*RECORDED INFORMATION*
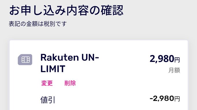 楽天モバイル Rakuten UN-LIMIT申し込み
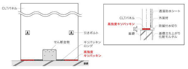 CLT工法など中大規模の木造建築が登場したことにより、基礎パッキンに従来よりも大きな荷重がかかるケースが増えてきた。これに対応するため、高耐力が必要な建物や部位に使用できるよう従来品の約2倍の強度を備えたFRPP製の基礎パッキンを開発。
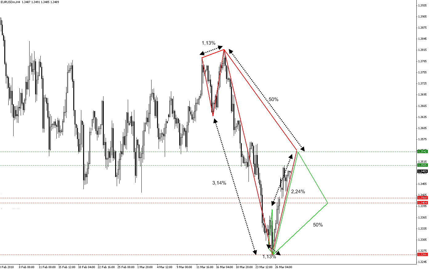 EURUSD Analyse 13/04/2010 en H4 a 5.00 am Paris, Bxl
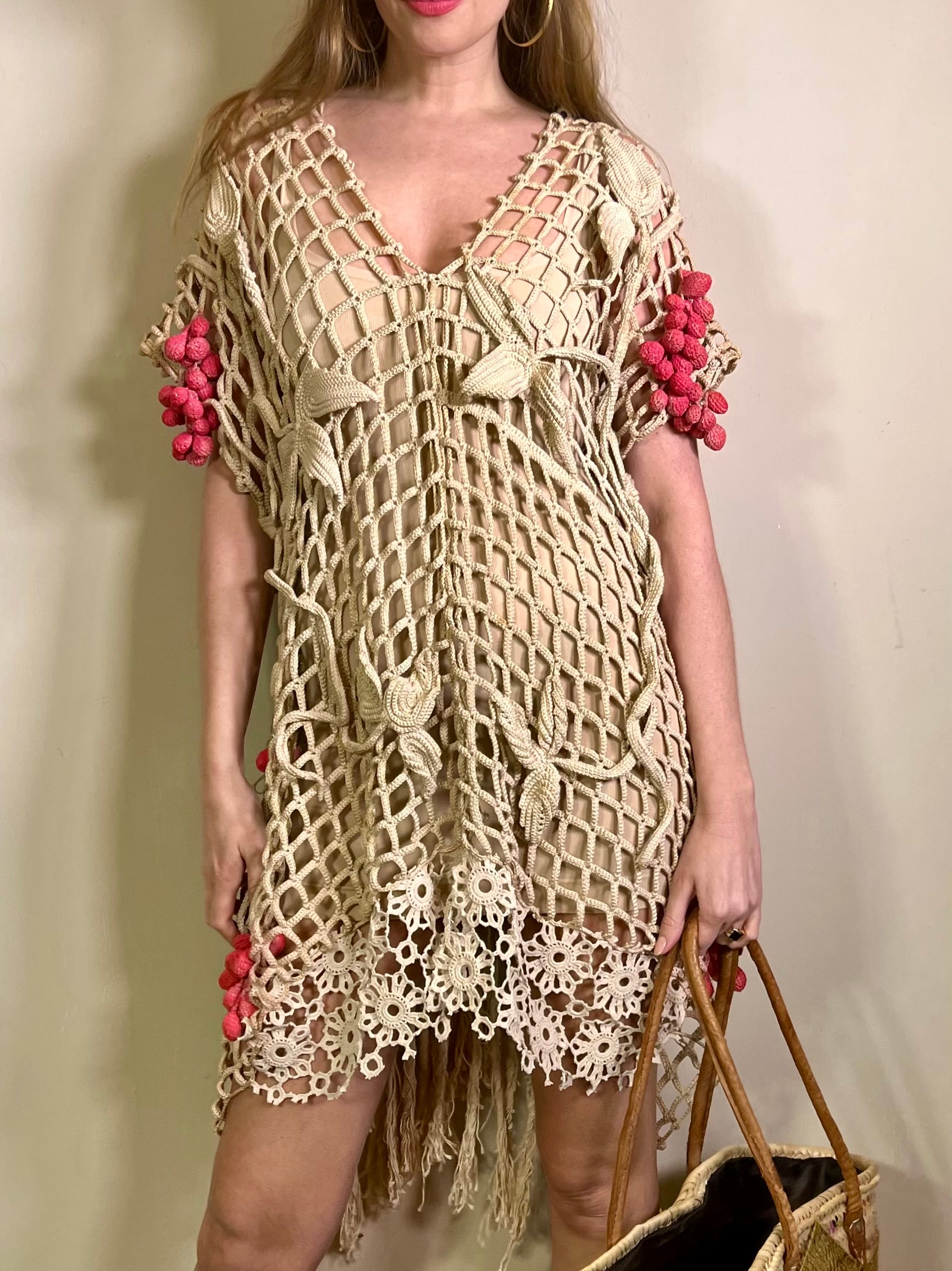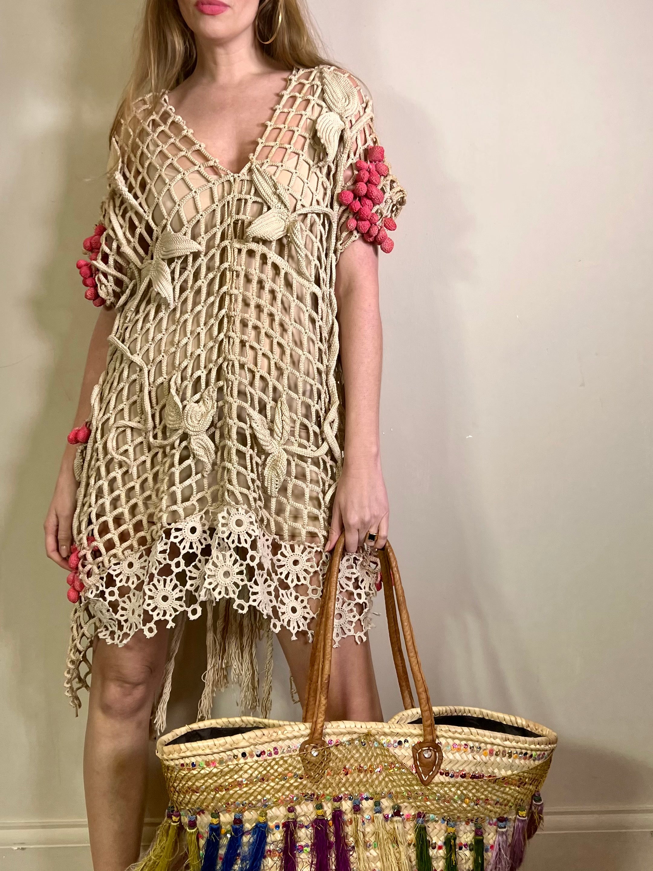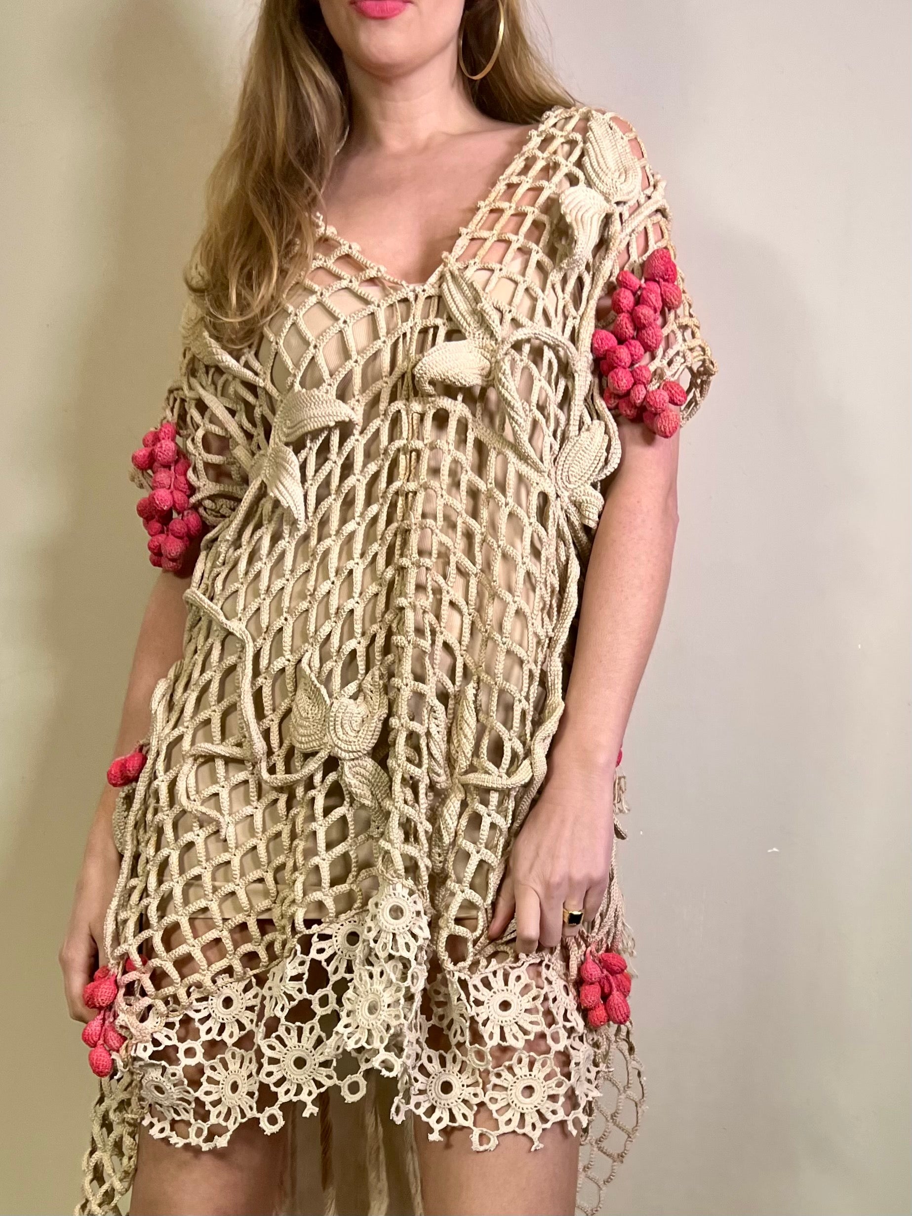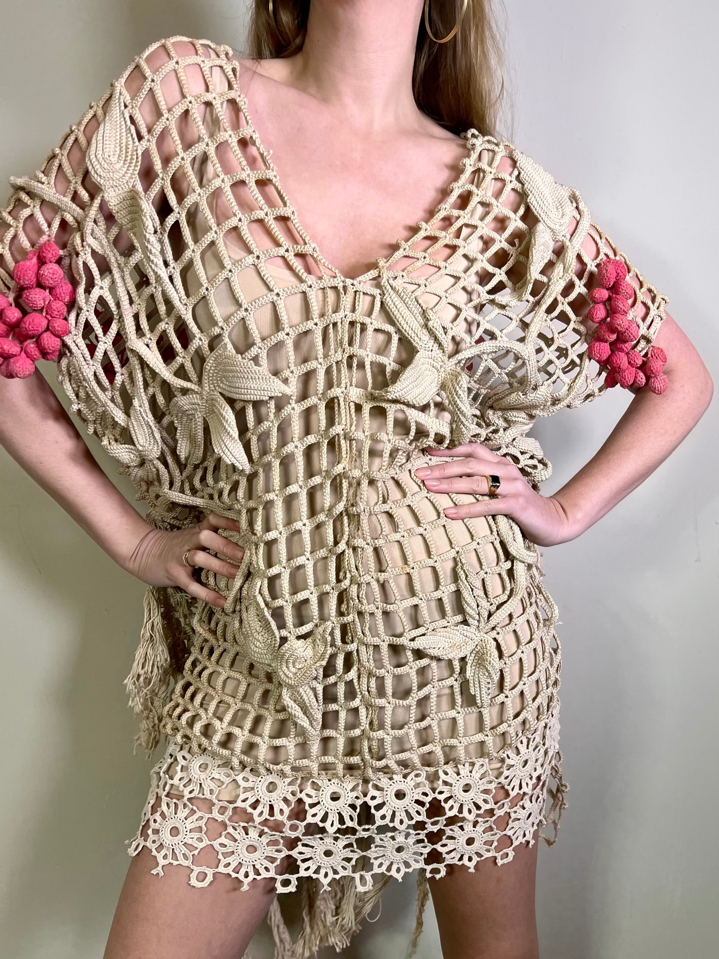 Gorgeous French net crochet beach covet up with  hanging vines. This is a true one-off piece, hand painted to create a magical textured cover up. Excellent condition.

*AIM OF THE EXERCISE*
Every line of the material above should be repeated exactly, except for the pictures.

*OUTPUT BELOW*
 楽天モバイル Rakuten UN-LIMIT申し込み
 CLT工法など中大規模の木造建築が登場したことにより、基礎パッキンに従来よりも大きな荷重がかかるケースが増えてきた。これに対応するため、高耐力が必要な建物や部位に使用できるよう従来品の約2倍の強度を備えたFRPP製の基礎パッキンを開発。
 EURUSD Analyse 13/04/2010 en H4 a 5.00 am Paris, Bxl
 Gorgeous French net crochet beach covet up with  hanging vines. This is a true one-off piece, hand painted to create a magical textured cover up. Excellent condition.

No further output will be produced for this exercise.